Sunday, May 20, 2007

What Can Friends and Family Do?

There are a lot of unknowns with Albinism, including for our friends and family. I hope this section will give you some tips on what to do. I plan to add to it whenever I come across new ideas:

As of this writing, Emerson is just starting to pay attention to faces. Many people think he doesn't like them or isn't social because he doesn't make the kind of eye contact that other babies do. He is a very social, lovable guy, but his strengths are listening rather than looking. In fact, we are finding that he listens intently when people talk, read outloud, sing, or when we play music. It's pretty funny actually how he will stop whatever he's doing and just listen with this look of intense concentration.

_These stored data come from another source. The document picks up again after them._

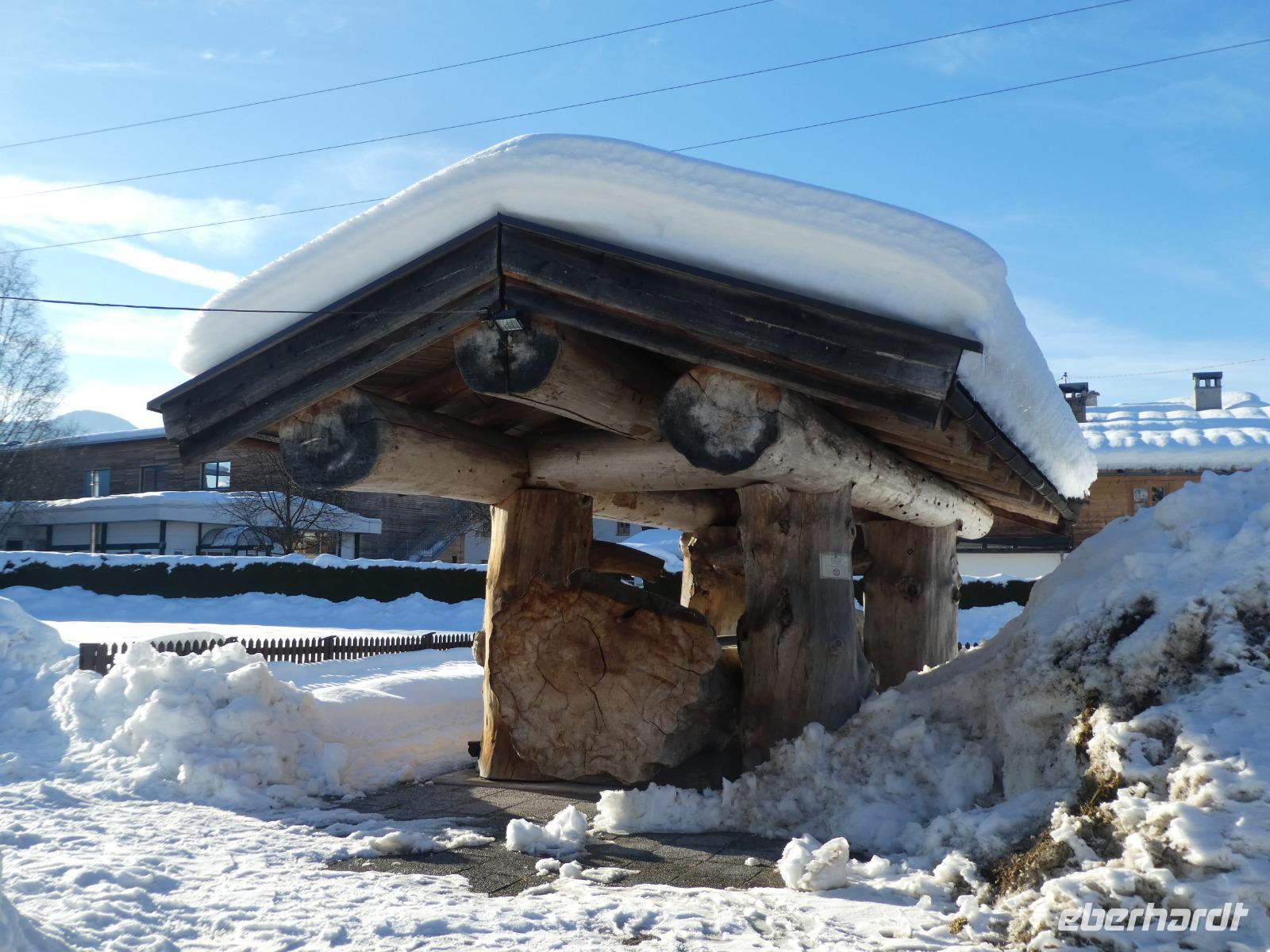 Mit dem Zug fuhren wir bequem nach Brixen im Thale. Nach einem kleinen Spaziergang durch den Ort erreichten wir die Bergbahn Hochbrixen. Mit der Gondel ging es nach oben immer mit dem Blick auf die Hohe Salve. Wir besuchten das Iglu Dorf und erhielten eine Führung. Zuerst sahen wir den „Speiseraum" der natürlich aus Eis bestand sowohl die Tische und auch die Bänke. Am Abend kann wird dort ein Fondue gereicht. Wir tauchten weiter in das innere ein und sahen verschiedene Eisskulpturen die von verschiedenen Künstlern geschaffen wurden. Jedes Jahr gibt es ein anderes Motto. Auch heiraten kann man dort. Natürlich schauten wir uns auch noch die „Schlafräume" in dem Iglu an. Dort können bis zu vier Personen pro Iglu übernachten. Nach dieser interessanten Führung holten wir uns an der Eisbar einen Glühwein. Durch die schön verschneite Landschaft spazierten wir zum Fleckalmsee und weiter zur Fleckalm wo wir einkehrten. Zurück am Iglu Dorf nutzen wir die Gelegenheit im Liegestuhl zu relaxen und die Reise Revue passieren zu lassen. Zum Abschluss unseres Urlaub wurden wir mit dem Taxi abgeholt und fuhren nach Waidring in den Alpengasthof Unterweißbach. Nach einem deftigen Essen sorgten zwei junge Musiker für Spaß und gute Laune. Ein schöner Abschluss unserer Winterreise in Tirol.
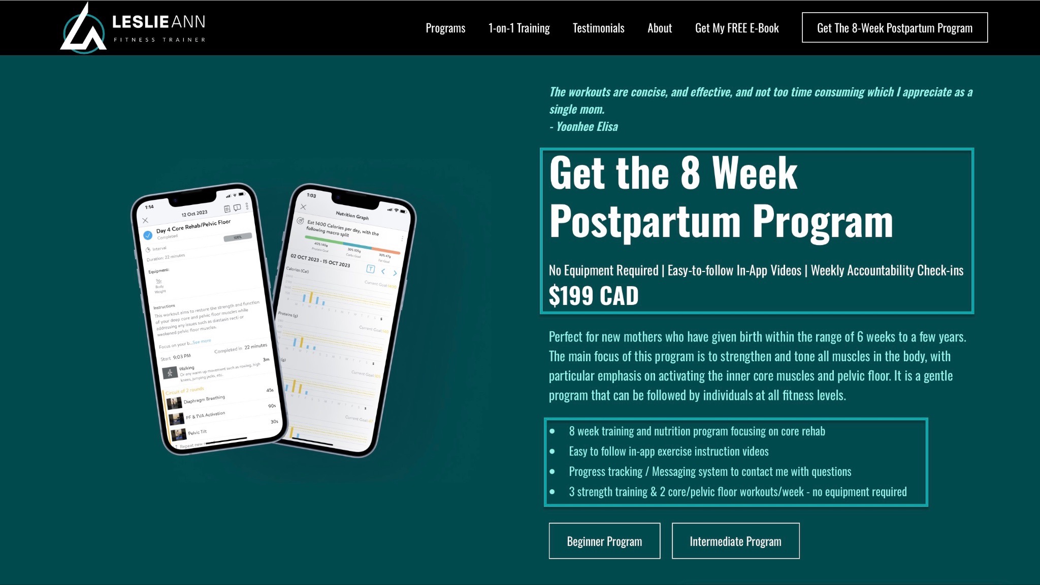 Leslie Ann makes all of this clear in her “8-Week Postpartum Program,” going for CAD $199 (approximately US$144). It’s delivered via a mobile app.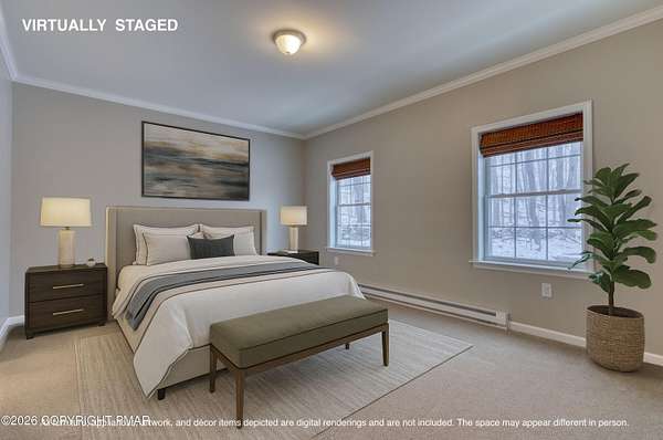 Est $3,098/moBuilt in 2024 this ultimate modern retreat is situated on 2.77 acres! This home features an ultra-modern kitchen, a primary suite with jacuzzi tub/glass sliding doors, and a spectacular finished basement. Enjoy the Rec Room with built-in theatre seating platforms, projector, and sound system ready. Radiant heating system, large rear deck and ample driveway parking complete this must-see property. Murphy Bed & custom built-in shelving in Bedroom 5/office. Recreation room can be used as a large home theater or full scale golf simulator! Call to schedule a private tour!
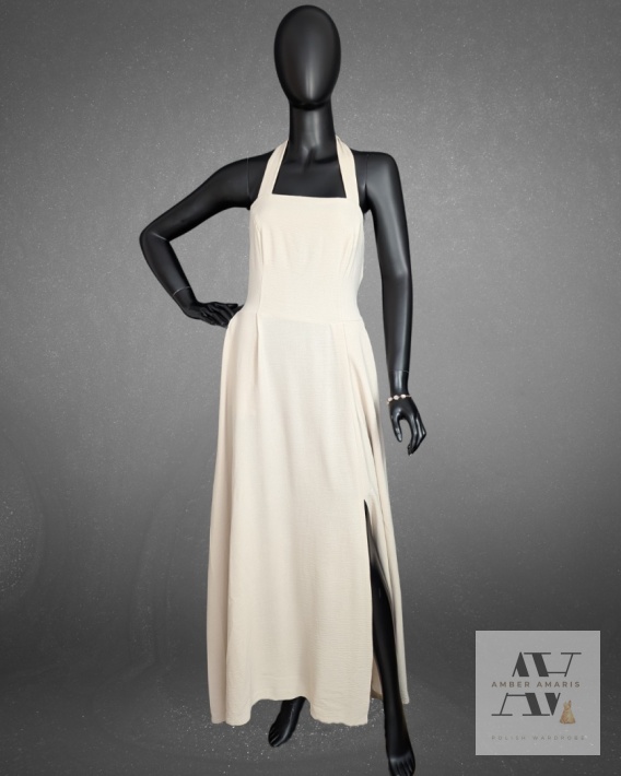 Długa sukienka z odkrytymi plecami, wiązana na szyi. Lekka, zmysłowa i idealna na lato.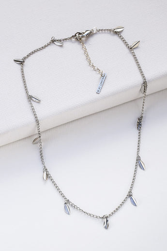 Un collier court délicat, décoré d'éléments en forme de feuille. Fabriqué à partir d'une base en laiton plaqué argent de haute qualité, selon votre choix.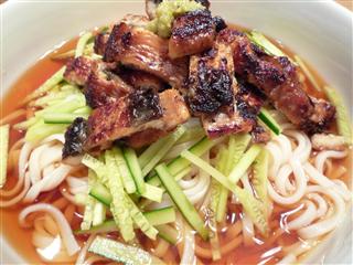 昨日は夜の会議のため、休肝日のはずでした。 anzuはそのつもりで、休肝日メニュー。鰻のコロうどん 讃岐うどんと国産??鰻、結構つゆが美味しい・・・・。自家製?ってきいたら・・・・・・、市販物。そっか・・・・・。やな雰囲気・・・・・・・・・・・・・・・。 でも蒸し暑い夜なのに背筋を冷たくしながら、美味しくいただきいざ会議へ! 「行ってきま~す!」 「ただいま」疲れた。ビールを1本空ける。なんか眠いような気が・・・・。 と思いつつ、ワインを持ち出し飲み始める。明日の朝が心配・・・・・・。 おやすみなさい。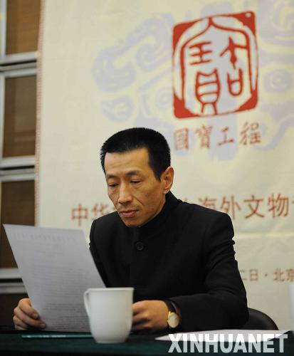 这是委托人蔡铭超,他是中华抢救流失海外文物专项基金的收藏顾问(3月2日摄)。中华抢救流失海外文物专项基金副总干事牛宪峰3月2日在于北京召开的新闻发布会上说,中华抢救流失海外文物专项基金收藏顾问蔡铭超参与了圆明园兔、鼠首在法国巴黎的拍卖,并成为了最后竞拍者。牛宪峰告诉记者:虽然蔡铭超以总计3149万欧元的价格在法国巴黎拍下了圆明园兔、鼠首,但由于尚未付款,且目前仍在付款期限内,因此拍卖能否最终成交尚属未知。新华社记者 罗晓光 摄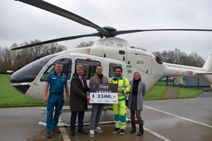 Op de helilandplaats van het AZ Sint-Jan ontving spoedarts Emmanuel De Tandt, ook secretaris van het Instituut voor Medische Dringende Hulpverlening en verantwoordelijke voor het beheer van de MUG Heli, een cheque van 3.500 euro van de organisatoren van One Night Clips The Reunion. De fuif, die in oktober plaatsvond in de Oostcampus in Oostkamp, bracht de mooie som bijeen.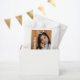 Bolsa de favores de graduação moderna com o nome do formando em um roteiro branco em negrito na vertical ao lado esquerdo, com o ano da aula e o nome da escola na parte inferior, sobre sua foto favorita. Estas bolsas favoritas são perfeitas para um formando segundo grau feminino e são uma forma excelente de adicionar um toque pessoal aos seus favoritos para festas.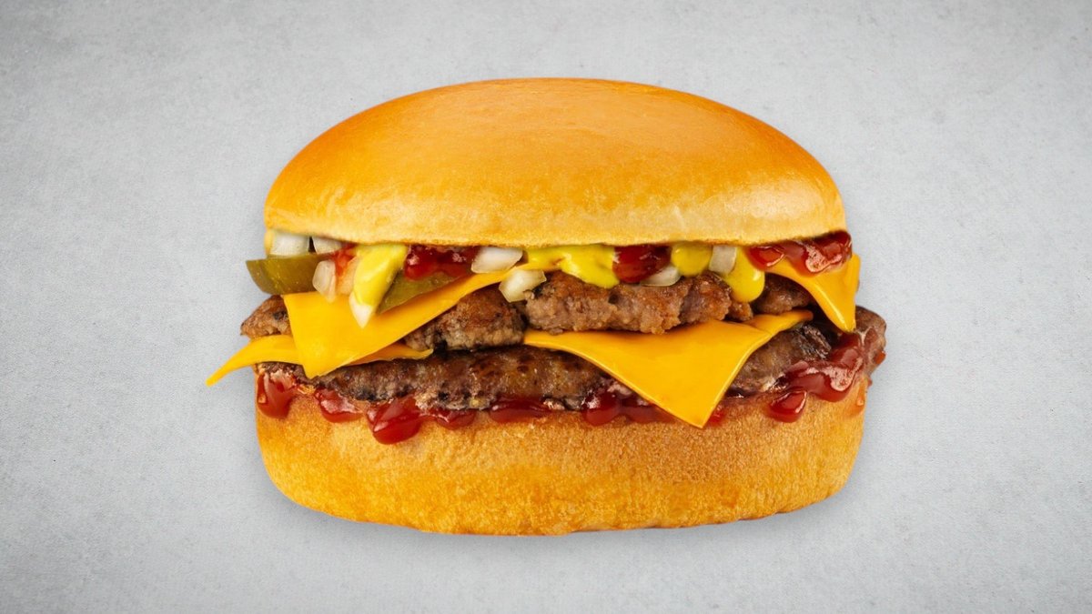 Бургер лепче, 2х смеш јунешки плескавици, 2х чедар кашкавал, биг мек сос, ајсберг, кисели краставички, кромид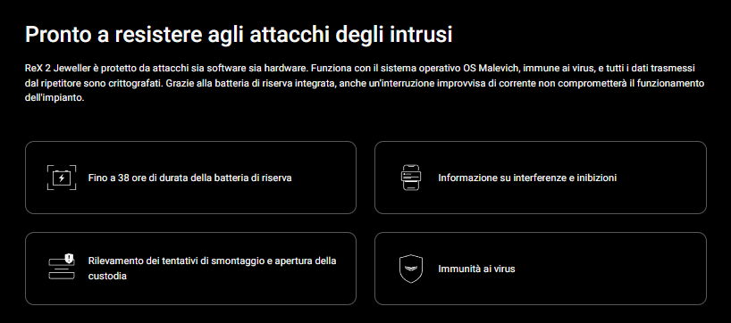 ReX 2 Jeweller è protetto da attacchi sia software sia hardware. Funziona con il sistema operativo OS Malevich, immune ai virus, e tutti i dati trasmessi dal ripetitore sono crittografati. Grazie alla batteria di riserva integrata, anche un’interruzione improvvisa di corrente non comprometterà il funzionamento dell'impianto.

To help him, please put your face closer to his and introduce yourself. The more he can connect the sound of your voice with a close look at your face, the better he'll get at recognizing you. He'll also interact more as he sees your facial expressions.

Our therapists have also recommended giving verbal cues to help him know what's happening. For example, tell him: "I'm going to pick you up" before doing it. It makes a lot of sense, although we are not completely disciplined in doing it ourselves!

Obviously the most important thing is to treat him as the completely normal, beautiful boy he is!

Toys and Games
In general, large, simple, high-contrast books and toys are more appealing to him. Of course, things with textures, lights, and sounds are perfect. (As paranoid parents, we are also trying to limit toys to non-toxic materials like wood and untreated fabric.)

Baby toys can be overloaded with sensory information (lots of details, patterns, etc.), but for children with visual impairments, less is often more.